| Aim of the task |
The records must be retyped exactly, with no pictures included.

| The records |

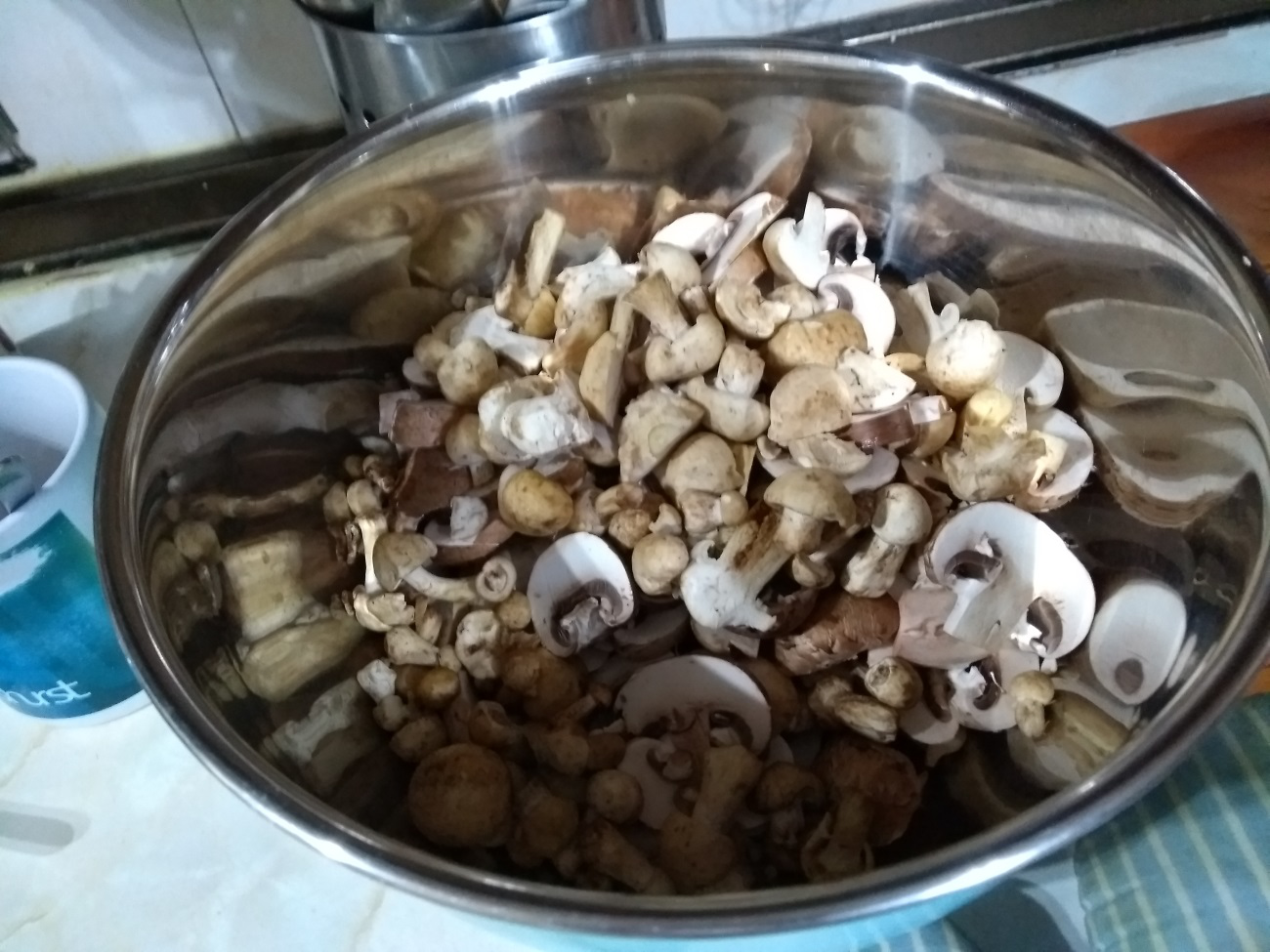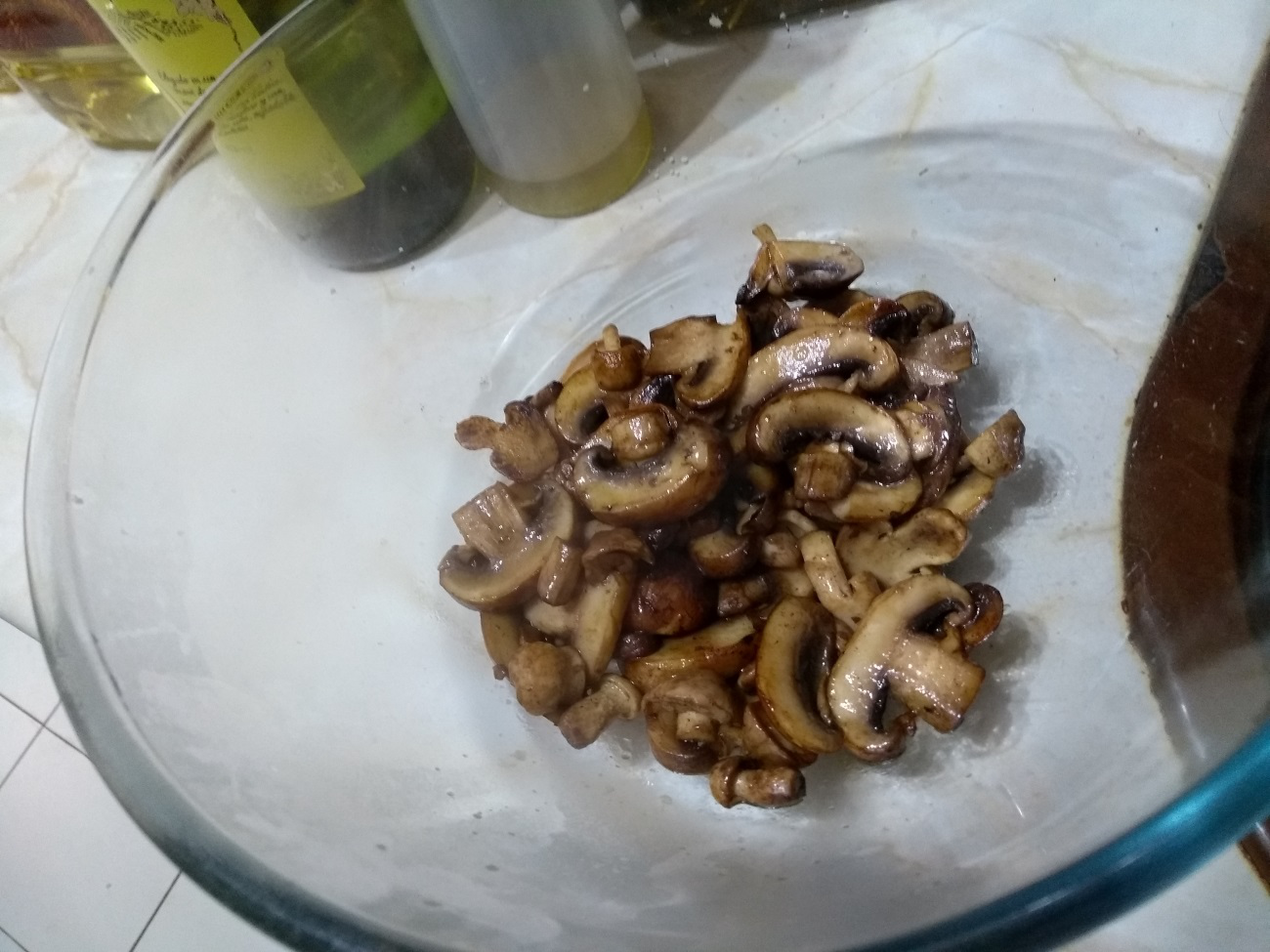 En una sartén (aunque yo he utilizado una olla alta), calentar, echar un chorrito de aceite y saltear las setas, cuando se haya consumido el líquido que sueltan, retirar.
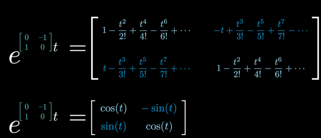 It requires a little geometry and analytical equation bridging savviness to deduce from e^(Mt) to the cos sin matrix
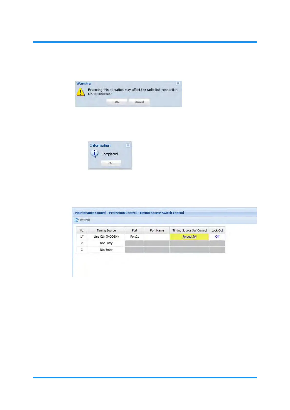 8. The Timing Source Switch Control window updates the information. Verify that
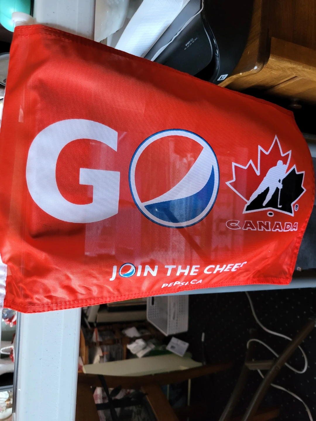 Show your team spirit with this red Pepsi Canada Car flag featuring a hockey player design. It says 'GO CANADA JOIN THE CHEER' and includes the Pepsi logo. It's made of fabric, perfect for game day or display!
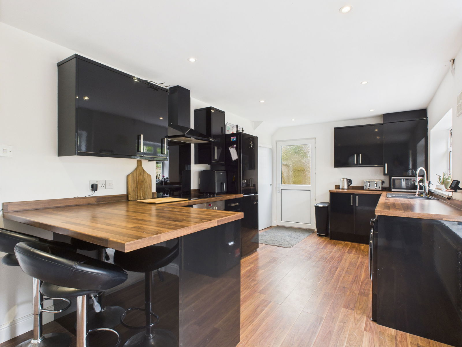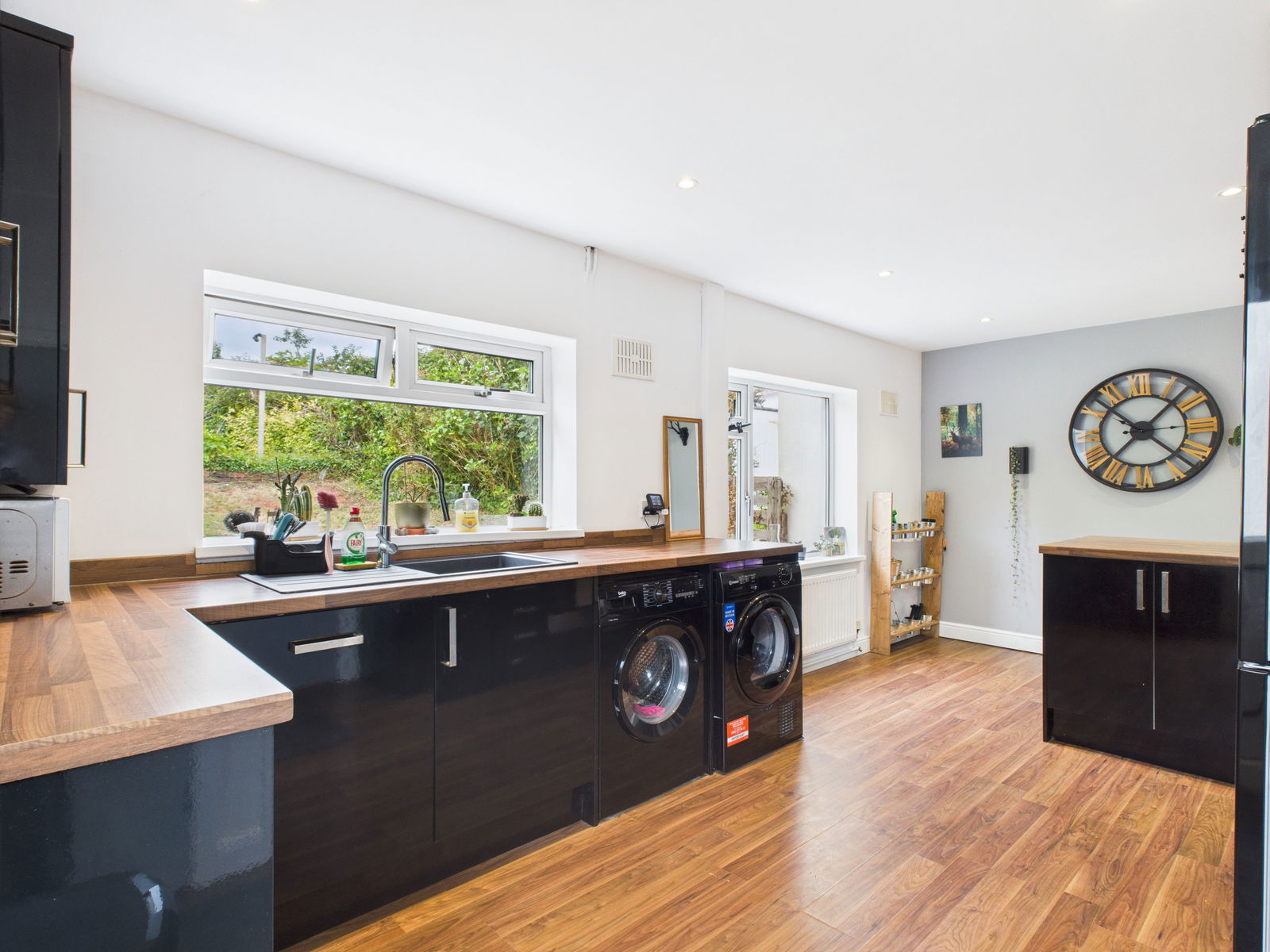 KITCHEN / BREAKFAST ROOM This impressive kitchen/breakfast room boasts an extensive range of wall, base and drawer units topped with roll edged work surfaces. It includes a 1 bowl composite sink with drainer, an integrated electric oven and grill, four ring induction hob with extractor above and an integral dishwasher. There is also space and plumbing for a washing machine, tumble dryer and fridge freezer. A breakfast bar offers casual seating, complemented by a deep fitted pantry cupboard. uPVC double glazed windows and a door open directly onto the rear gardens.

| Exercise solution |
 En una sartén (aunque yo he utilizado una olla alta), calentar, echar un chorrito de aceite y saltear las setas, cuando se haya consumido el líquido que sueltan, retirar.
 It requires a little geometry and analytical equation bridging savviness to deduce from e^(Mt) to the cos sin matrix
 8. The Timing Source Switch Control window updates the information. Verify that
 Show your team spirit with this red Pepsi Canada Car flag featuring a hockey player design. It says 'GO CANADA JOIN THE CHEER' and includes the Pepsi logo. It's made of fabric, perfect for game day or display!
 KITCHEN / BREAKFAST ROOM This impressive kitchen/breakfast room boasts an extensive range of wall, base and drawer units topped with roll edged work surfaces. It includes a 1 bowl composite sink with drainer, an integrated electric oven and grill, four ring induction hob with extractor above and an integral dishwasher. There is also space and plumbing for a washing machine, tumble dryer and fridge freezer. A breakfast bar offers casual seating, complemented by a deep fitted pantry cupboard. uPVC double glazed windows and a door open directly onto the rear gardens.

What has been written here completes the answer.